Rob Parsons, editor of the Northern Agenda political newsletter, however told me how these new Tory MPs had had a difficult start to their tenures, “I think it has been hard for them to be honest. I imagine by now Tory MPs would have liked to point to more concrete achievements and improvements than they have been able to so far but the last two years have been taken up by the pandemic and now the cost of living.”

Simon Henig, a Politics Lecturer at Sunderland University and former Labour leader of Durham County Council told me how the incumbent MP should have an advantage.
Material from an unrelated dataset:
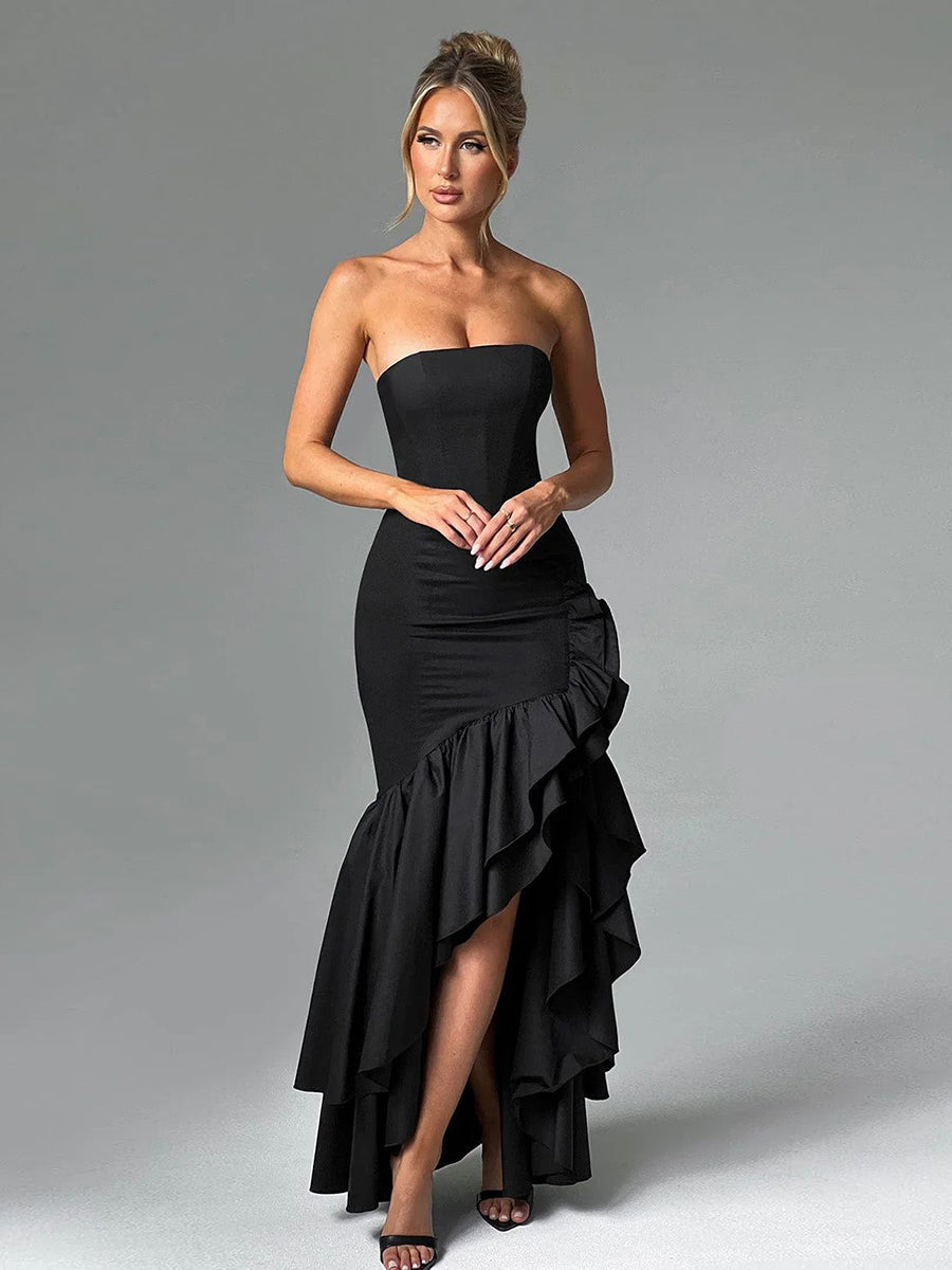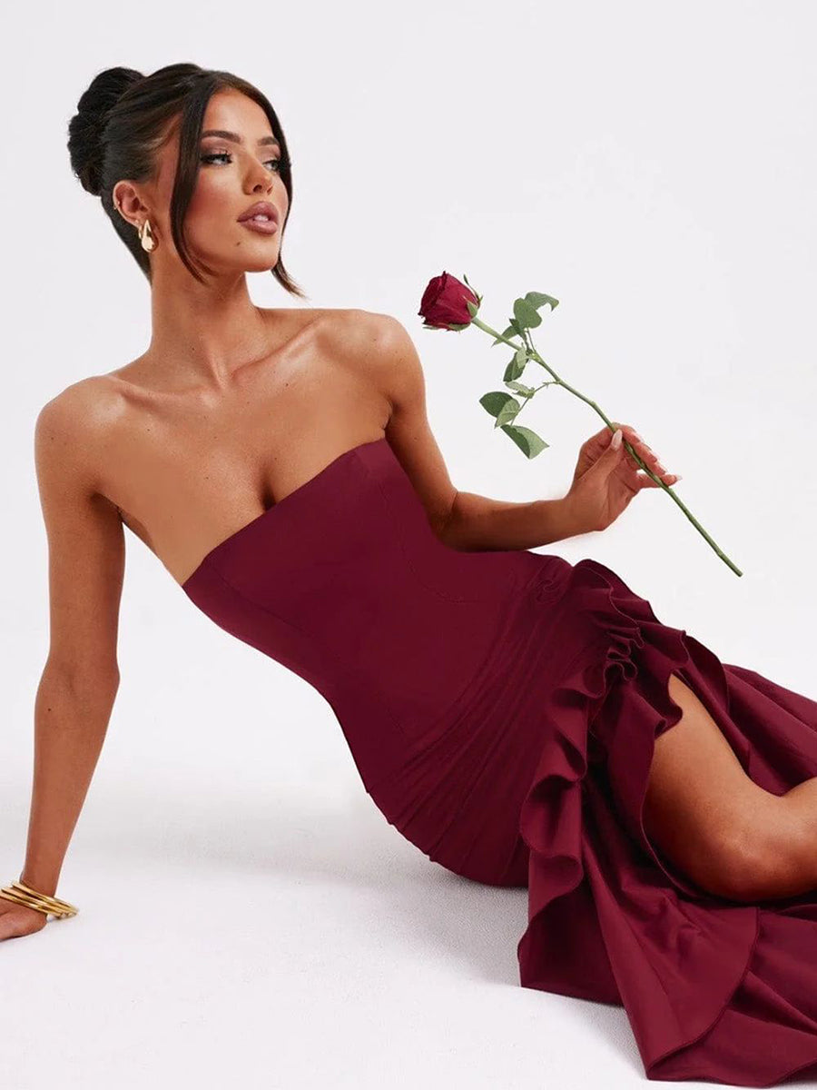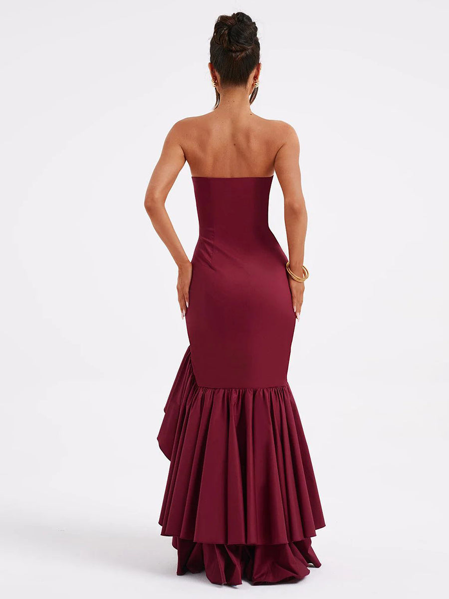 Wine Strapless Ruffled Asymmetrical Prom Dress XF05765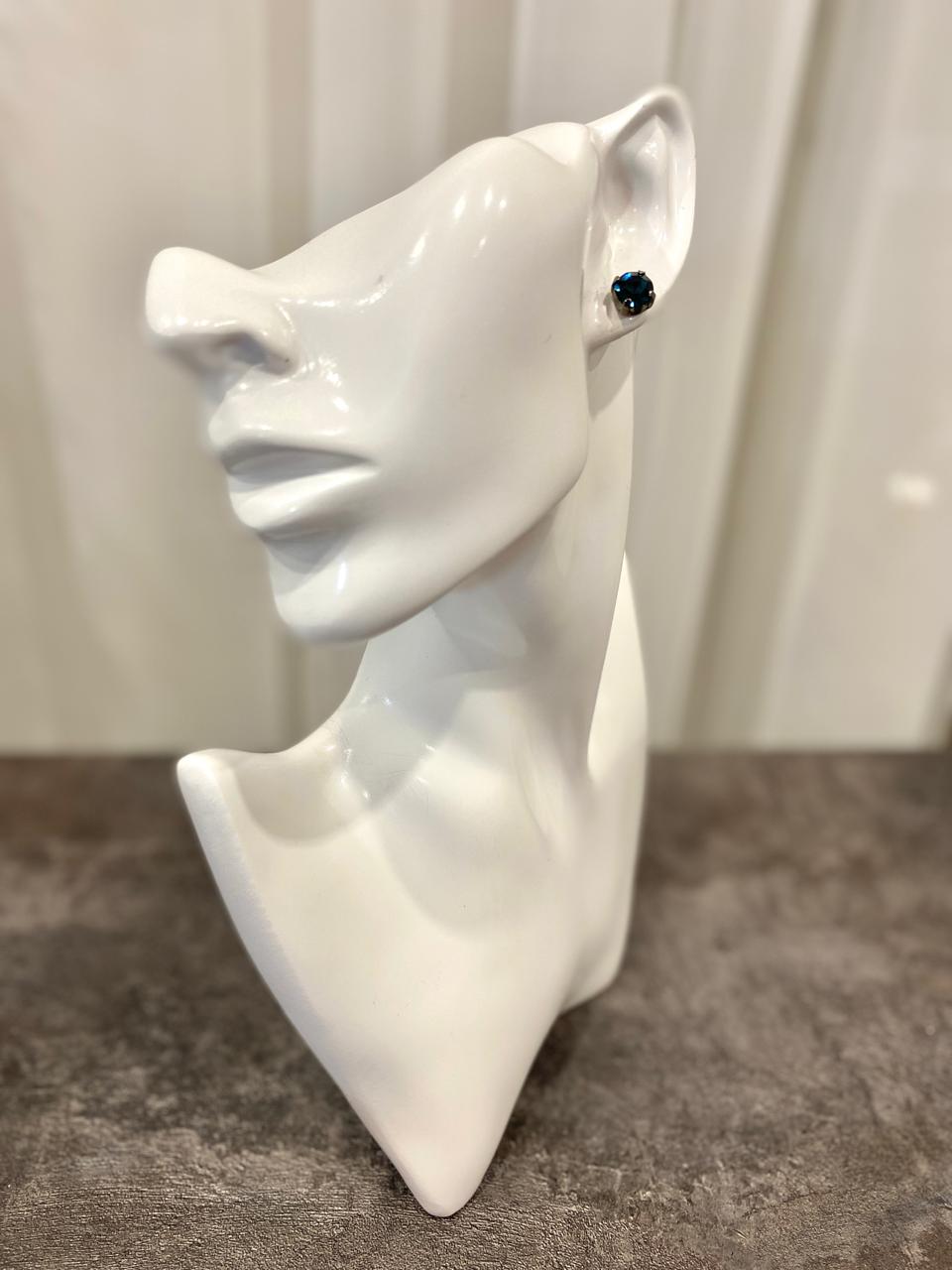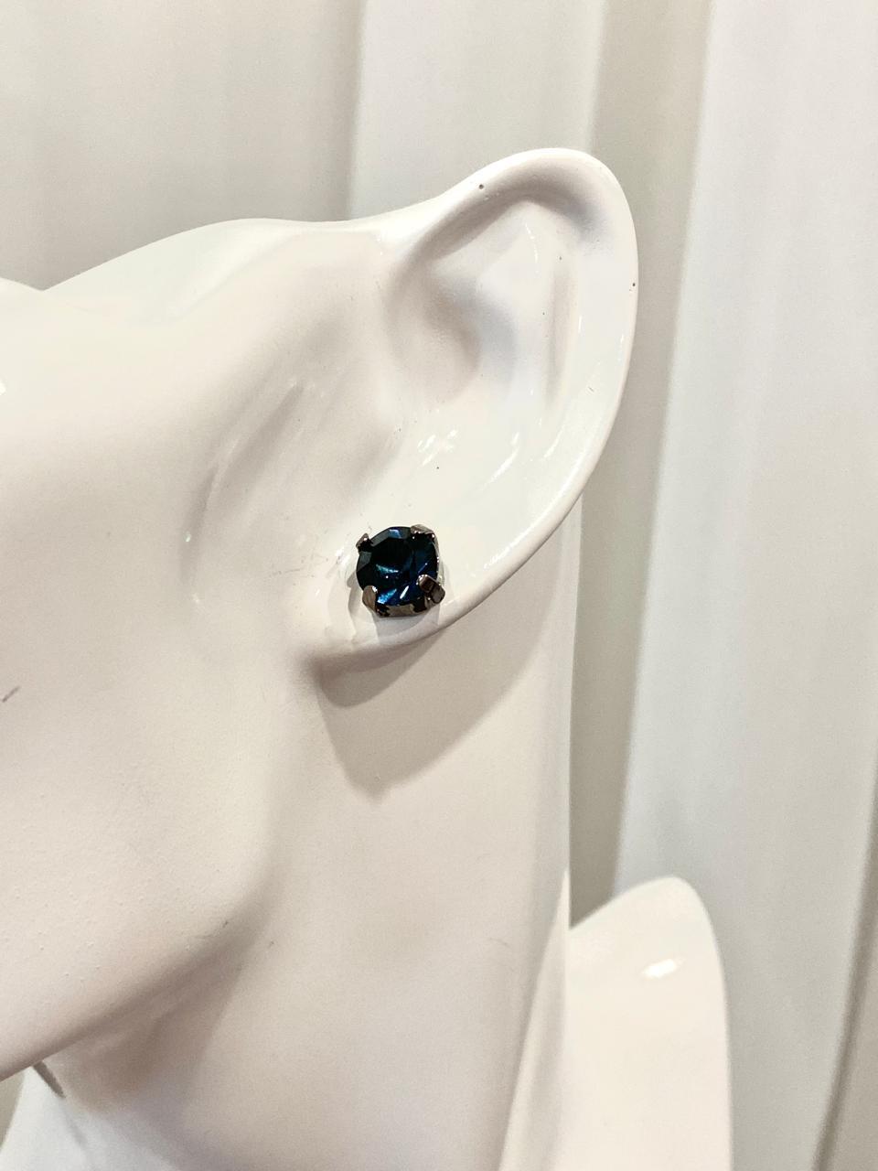 Серьги пусеты круглые синие кристаллы, фурнитура графит

Henig says, “Often they do get a bounce from incumbency so you would probably anticipate that might happen which is why it will be difficult for Labour to regain these seats.

“If the Conservative government can also demonstrate an economic boost through greater employment and so on, that will clearly be an advantage, but the jury’s still out on that.”

But the Conservatives may have an easier time keeping the Red Wall blue because of the long-term trends that brought traditional Labour voters onside. “Over the 120 year history of the Labour party there has always been a tendency for working class voters to move over to the Conservatives and when that happens that’s when they tend to win big majorities. It happened under Thatcher and it happened in 2019.”, Jamie Parker told me.

It’s possibly too early to say whether the Conservatives can keep the Red Wall blue at the next election but they are certainly on the back foot, suffering from a decreasingly popular leader, and struggling to deliver because of covid and a cost of living crisis. The next two years are crucial. If they can bring meaningful, feasible change and achievements in that time, former Labour voters may well stay just that.